Número de infectados, número de fallecidos, número de ingresados en las UCI, número de enfermos dados de alta, índice de contagio, de letalidad, número de agregados y desagregados, en porcentajes, en curvas, por provincias, por sectores, comparativos a escala nacional, internacional, global, números divergentes, por día, por mes, desde el principio, desde la última semana, contrastados con otras crisis sanitarias, económicas, números del hundimiento del PIB desde que empezó la pandemia, de la deuda pública, del fondo de ayuda, de parados, de parados futuros, de renta, de Hacienda, de pérdidas, de ganancias por provincias, por comunidades, desde el decreto de alarma, desde principios de año, hasta el final de año, de ayuda a las empresas, de ayuda a los autónomos, de créditos bancarios, de créditos a las autonomías, de créditos europeos, de compañías cerradas, en ruina, de primas de riesgo, números que niegan otros números, números que se rebelan, números que resisten, números posibles, números intuitivos, números especulativos, proyectivos...

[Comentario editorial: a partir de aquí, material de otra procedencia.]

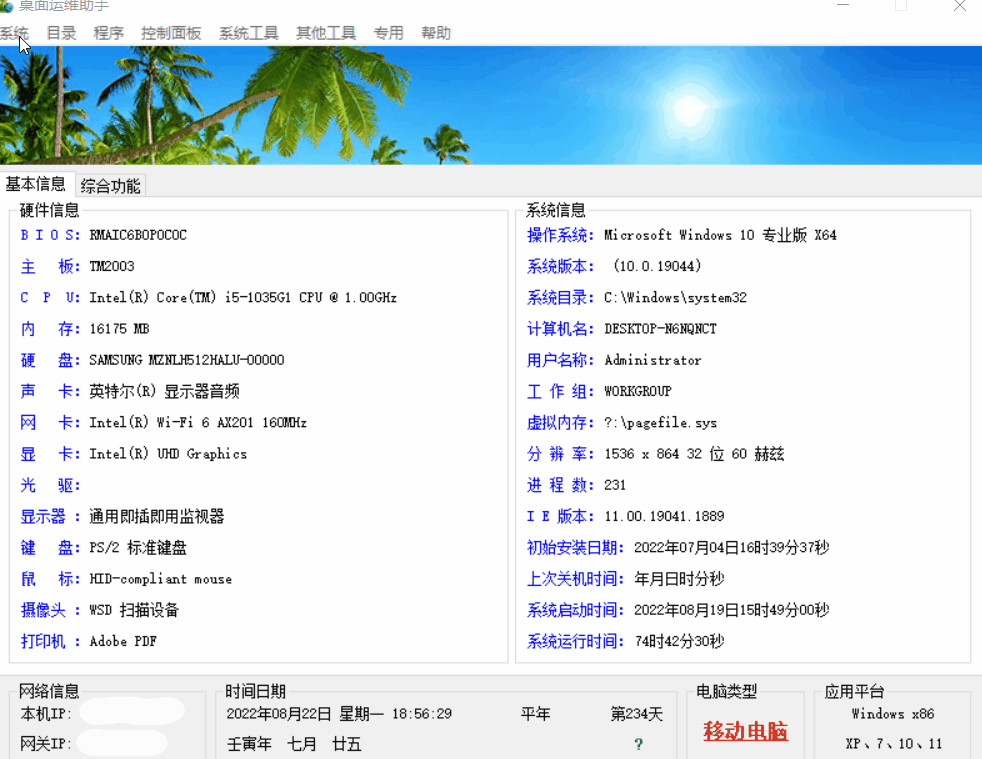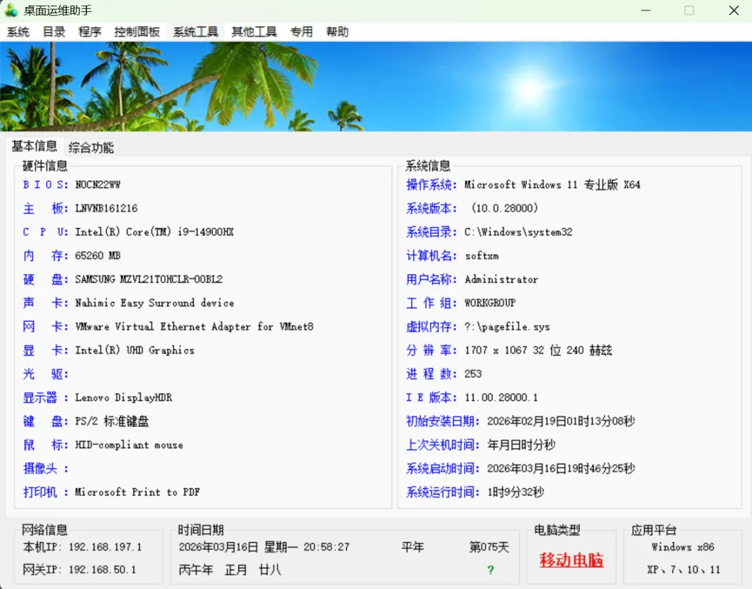 桌面运维助手是一款集成Windows系统优化、设置与管理功能于一体的轻量级工具箱软件,绿色免安装,单文件运行,适用于Win7~Win11系统,能一站式解决硬件检测、系统修复、文件管理等常见电脑问题。
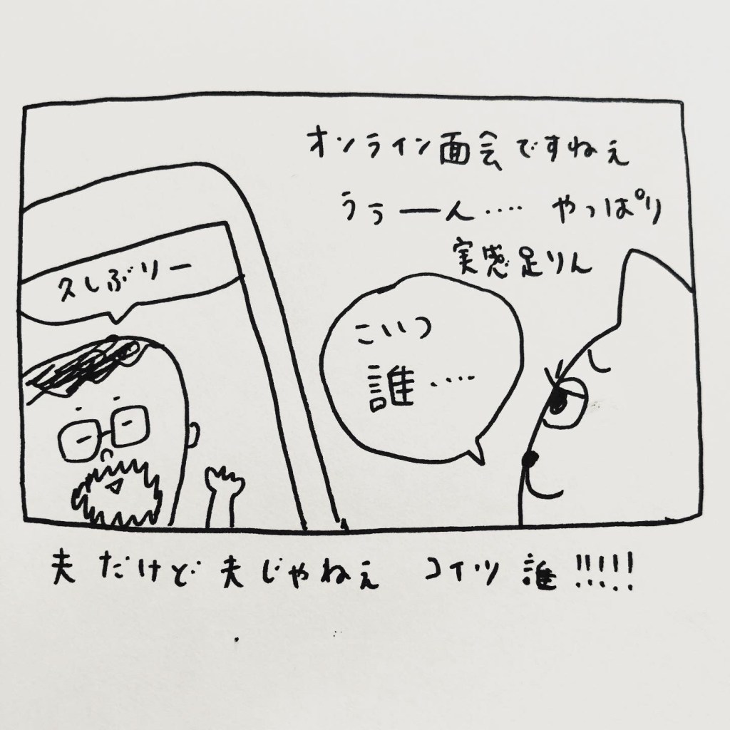 で、画面越しに見る夫らしき人…アンタ誰?
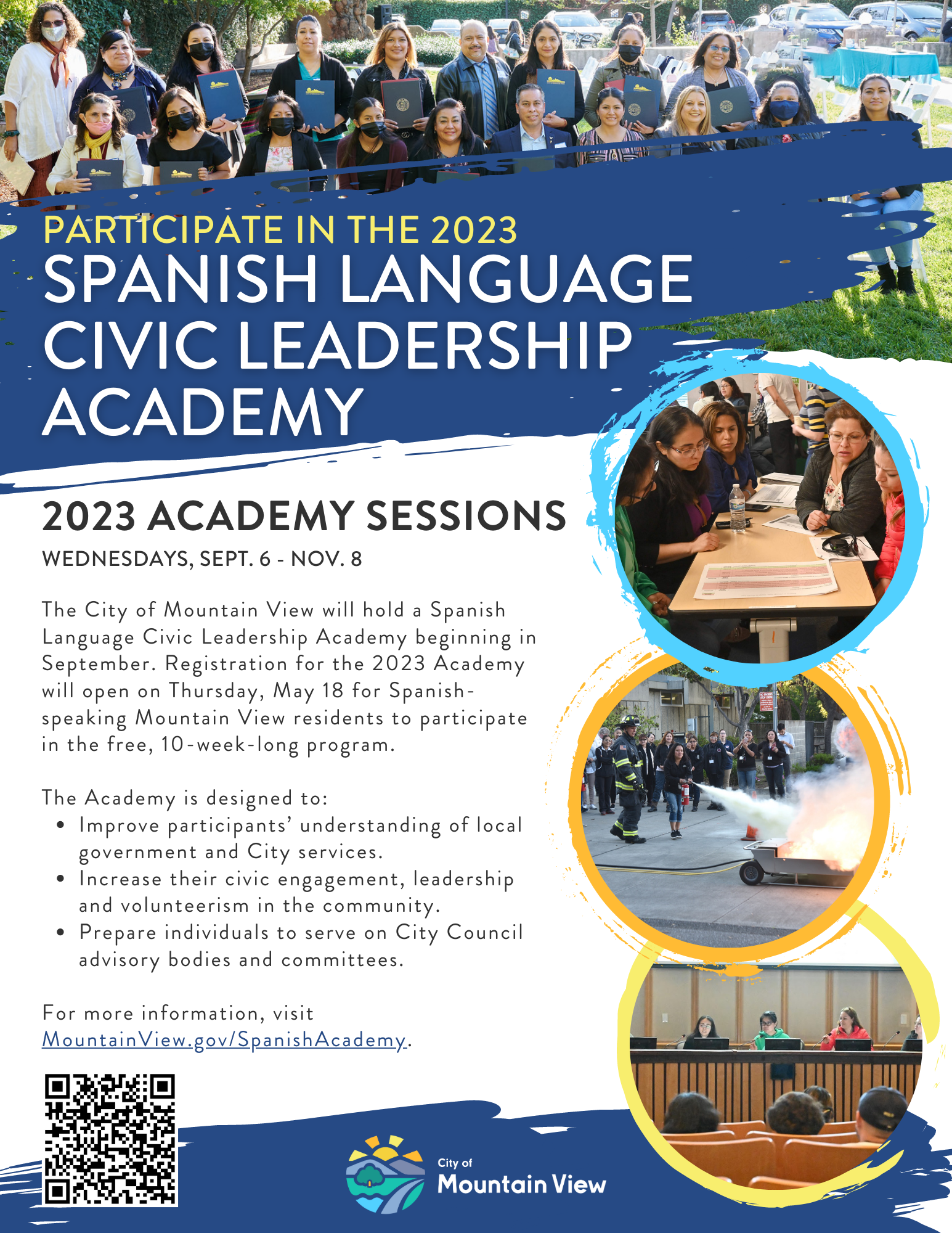 This program is open to all Mountain View Spanish-speaking residents interested in learning about city services, the budget process, volunteer opportunities, and ways to get involved in local decision-making. The Academy also prepares individuals to serve on City Council advisory bodies and committees.
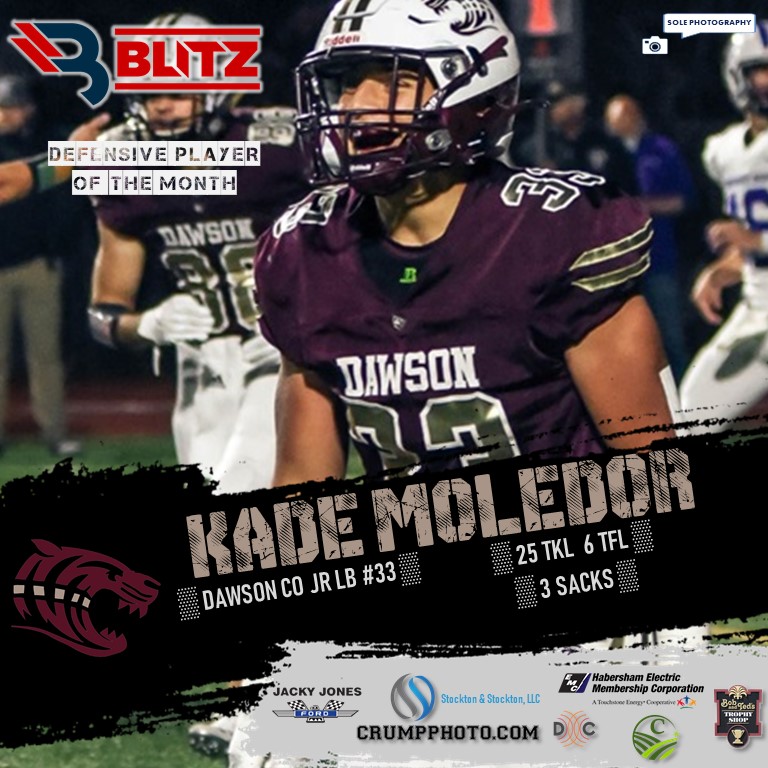 Throughout the 2021 season, 8 individuals will claim Defensive Player of the Month awards. After each 4-week stretch, we take nominations from coaches (or make our own based on each team’s top defensive player statistically). After putting it up for a public vote, we award the Fan Vote winner as well as the BLITZ pick. The BLITZ Defensive Football Player of the Month Fan Vote for Weeks 1-4 collected 31,171 total votes, with Dawson County’s Kade Moledor taking 16,602 to win the Fan Vote. BLITZ then named Malaki Starks (Jefferson) as co-POM.
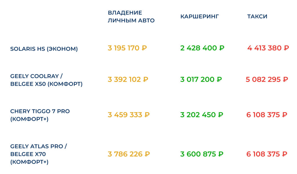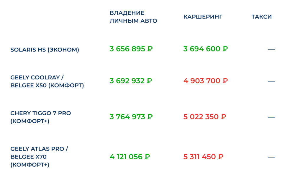Интересный факт: чем дешевле личная машина, тем дороже её содержать на фоне каршеринга и такси категории «эконом». Так, у Solaris HS расходы выше из-за фиксированных платежей — кредита, страховки, налогов и амортизации. В «экономе» это даёт почти миллион переплаты по сравнению с каршерингом. А вот Geely Coolray / Belgee X50 и у других машин разрыв меньше: тарифы аренды в «комфорте» сами по себе дороже, поэтому при больших пробегах владение сравнивается с арендой или становится дешевле её.
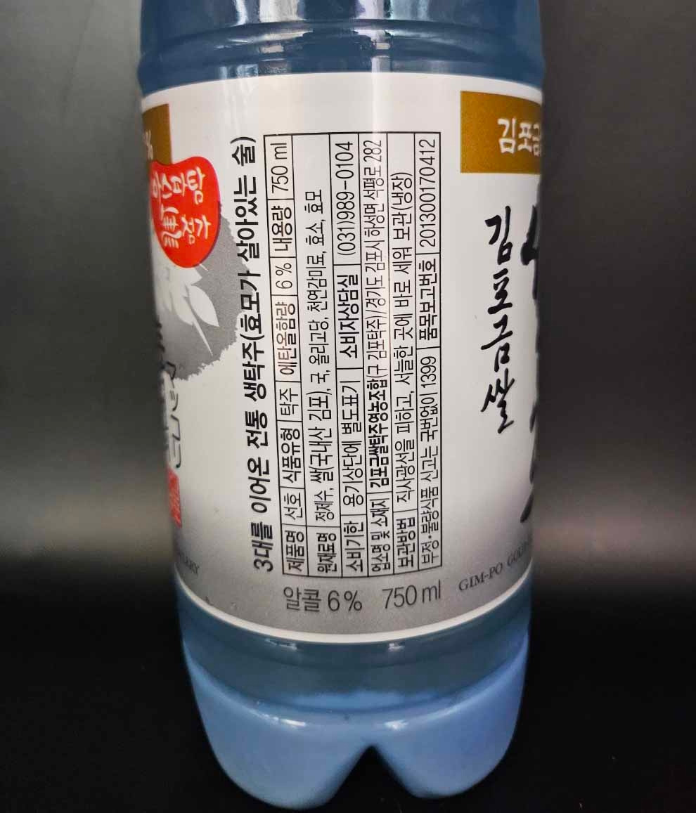 일단 겉으로 보이는 병의 외관부터 심상치 않다. 사실 형태 자체는 이 용량대에서 흔히 볼 수 있는 것이지만, 이렇게 퍼런색으로 물들여진 병은 어디서 쉽사리 마주할 수 있는 것이 아니다. 하얀 술들 사이에서 얼마나 눈에 띄던지. 안쪽에 자리잡고 있는 술의 빛깔을 확인할 수 없는 것은 아쉽긴하나, 그렇다고해서 도저히 그냥 지나칠수가 없더라. 전면부의 라벨엔 '김포금쌀 선호 생막걸리'라는 술의 명칭이 굵고 흩날리는 느낌으로 적혀져 있으며, '무아스파탐'이라는 포인트 역시 빠지지 않고 나타나 있다.
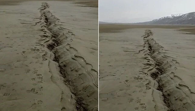 Yapılan ilk incelemede yarığın, fay hattındaki zemin sıvılaşması olduğu tespit edildi.
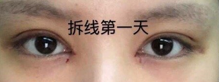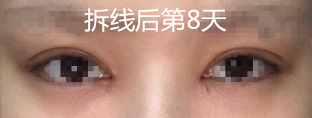 术后第十五天,左右眼形状有点不一样,这个我术前也是做好心理准备了,右眼稍微有点点高,眼角有点增生,形状满意,终于告别了双眼皮贴。开心。
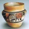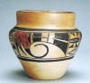A Hopi polychrome pottery vase with Nampeyo designs and form. The bottom reads “Pocatello, Idaho, 1929.” This piece is in excellent condition and is well molded and painted. The vase measures 6″ high by 6 1/4″ in diameter. Nampeyo perfected the vase form under the influence of Art Pottery from Ohio.
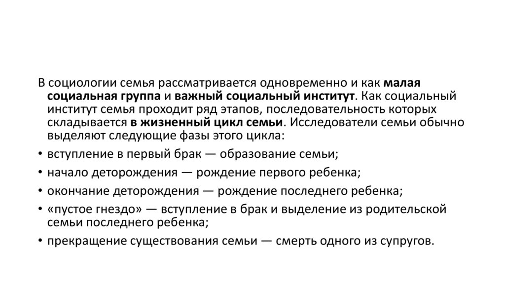 В социологии семья рассматривается одновременно и как малаясоциальная группа и важный социальный институт. Как социальный

¿Seguro que no nos pasa nada o nos ha pasado por la exposición a semejante bombardeo? ¿Hay alguien que pueda entender toda esa aritmética, relacionarlo todo y contemplar algo así como una imagen resultante, una conclusión legítima, una visión? Son demasiados, hay un ambiente atónito dentro y fuera de la cabeza que, sin embargo, no cesa de girar en busca de entendimiento. Puede que terminemos comunicándonos a través del silencio que dejan en el aire, en los ojos, en la boca.
Su silencio es también el de la correspondencia con la realidad, a qué alude su exactitud. Son exactamente con ellos mismos, un himno al principio de identidad, mil es igual a mil, más allá de eso... ¿Qué dice el número de contagios cuando no se han hecho test ni al 10 por ciento de la población? ¿Y el índice de letalidad cuando no estamos seguros del número de muertos ni de contagiados? Apenas nada. ¿Y qué hacer con la discrepancia en 6.800.000 infectados entre el Imperial College y el Ministerio de Sanidad? Menos que nada. Todos los números, todas las cifras caen a continuación como un castillo de naipes. Eran un castillo de naipes. No han perdido su contundencia, porque un número sigue siendo un número, un golpe de precisión sobre tanta ambigüedad, pero han perdido el norte.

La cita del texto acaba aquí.